2010.06.04(22:33) 357

もう一昔前の話になりますが、「痛みの基準が鼻毛を抜いた痛みで表現できる様になった!」なんてジョークが流行った事がありました。
当時、鍼灸学校の研修生だった僕も、同期の友人や後輩にこんなジョークメールを送ったものです。

痛みの基準はハナゲ
国際標準化機構(ISO)によって、人間の痛みの感じ方についての統一単位「ハナゲ」(hanage)が制定され、「長さ1センチの鼻毛を鉛直方向に1ニュートンの力で引っ張り、抜いたときに感じる痛み」が「1ハナゲ」と定義された、とするものである。鼻毛を抜いた時の痛みには性差や個人差はないことが発見されたため、ハナゲが痛みの単位に選ばれたとされる。
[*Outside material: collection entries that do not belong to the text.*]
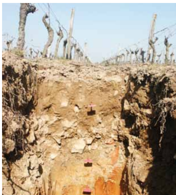
Picture 21A - Geo-pedological and mesoclimate studies to identify the vinegrowing potentials and constraints, at the plot scale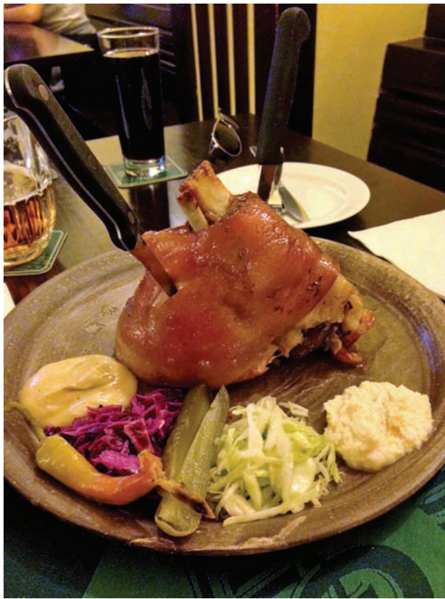
FIGURE 5: Vepřové koleno [roasted pork knee] with the traditional accompaniments of horseradish, mustard, and pickles.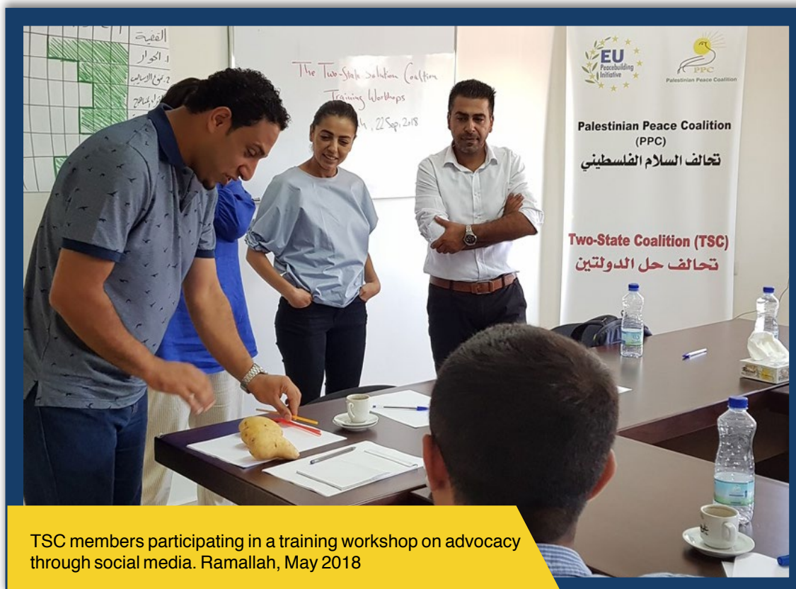
TSC members participating in a training workshop on advocacy through social media. Ramallah, May 2018

During the first year of the TSC project, the PPC and HLEP brought together 23 organizations from both sides as members of the TSC representing different geographic areas, as well as different fields of work, including organizations led by youth and women. The TSC members attended enrichment seminars, held briefings about pressing issues (Israeli elections and the Trump Plan, to name a few), and organized advocacy meetings. Also, the TSC commissioned a public opinion poll to test the public's attitudes towards the two-state solution – see more details in page 5.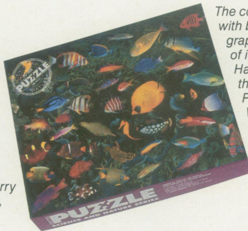
The coral reef explodes with beautiful color photographs by Aaron Normal of its inhabitants the Harlequin Tuckfish of the Tropical Western Pacific, the Redtail Wrasse of the Tropical Central Pacific, and 42 other Tropical Fish of the World .

Science News Books 1719 N Street, NW, Washington, DC 20036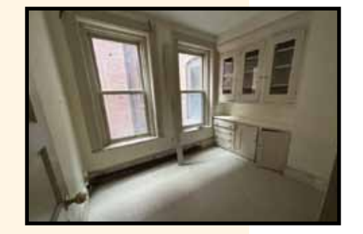
Before Redevelopment: Smith & Dow block apartment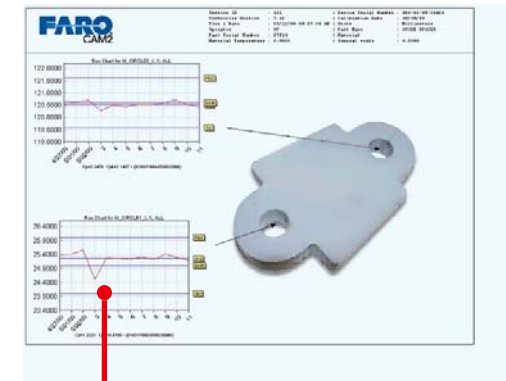
SPC Graphical reports show process trends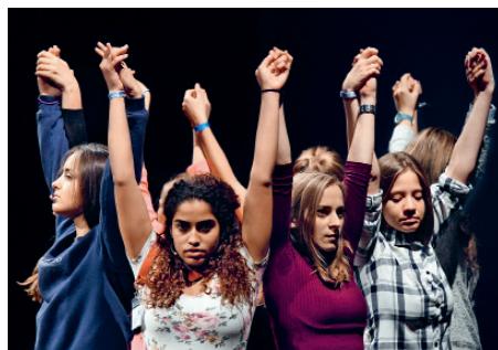
EUSTORY Summits: cross-border encounters of prize-winners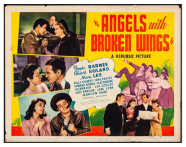
Movie poster for "Angels With Broken Wings," 1941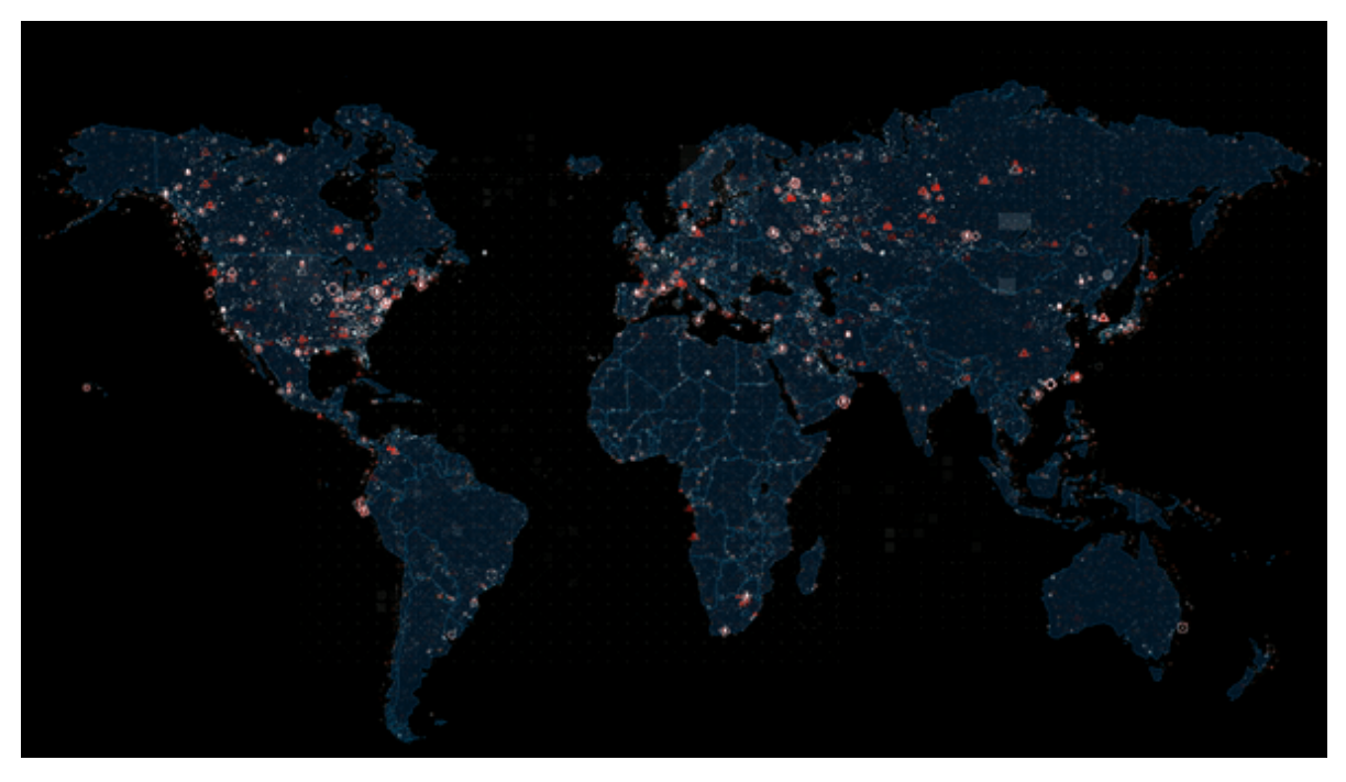
Our world is more connected than ever before, and our data is all out there somewhere.

"The internet is just one giant book that is written in real-time, about all of us. -You just have to know how to read it".

と、まあこれは冗談ですが、本来痛みと言うのは、人によって感じ方には個人差がある為、その人に生じている痛みを数値化して計ると言うのはとても難しい事です。
また一言で「痛み」と一括りにしてみても、その痛みには色々な痛みもあります。
ぎっくり腰の際に感じる様な痛み、転んで体をぶつけた時に感じる様な痛み、内蔵からくる様な痛み、しびれを伴う様な痛み、頭痛、肩凝り痛etc....
痛みそのものに種類があって、それに応じて痛みの原因も様々ありますが、実は、痛みの原因としてはっきりと解明できるものの方が少ないのです。

東洋医学では、痛みの原因を気血の滞りと定義づけています。
本来休む事無く体を巡る気血が、気候変化の影響や、精神的なストレス、外傷等によって一カ所、あるいはそこかしこに固定化された場合に痛みを感じる様になるのです。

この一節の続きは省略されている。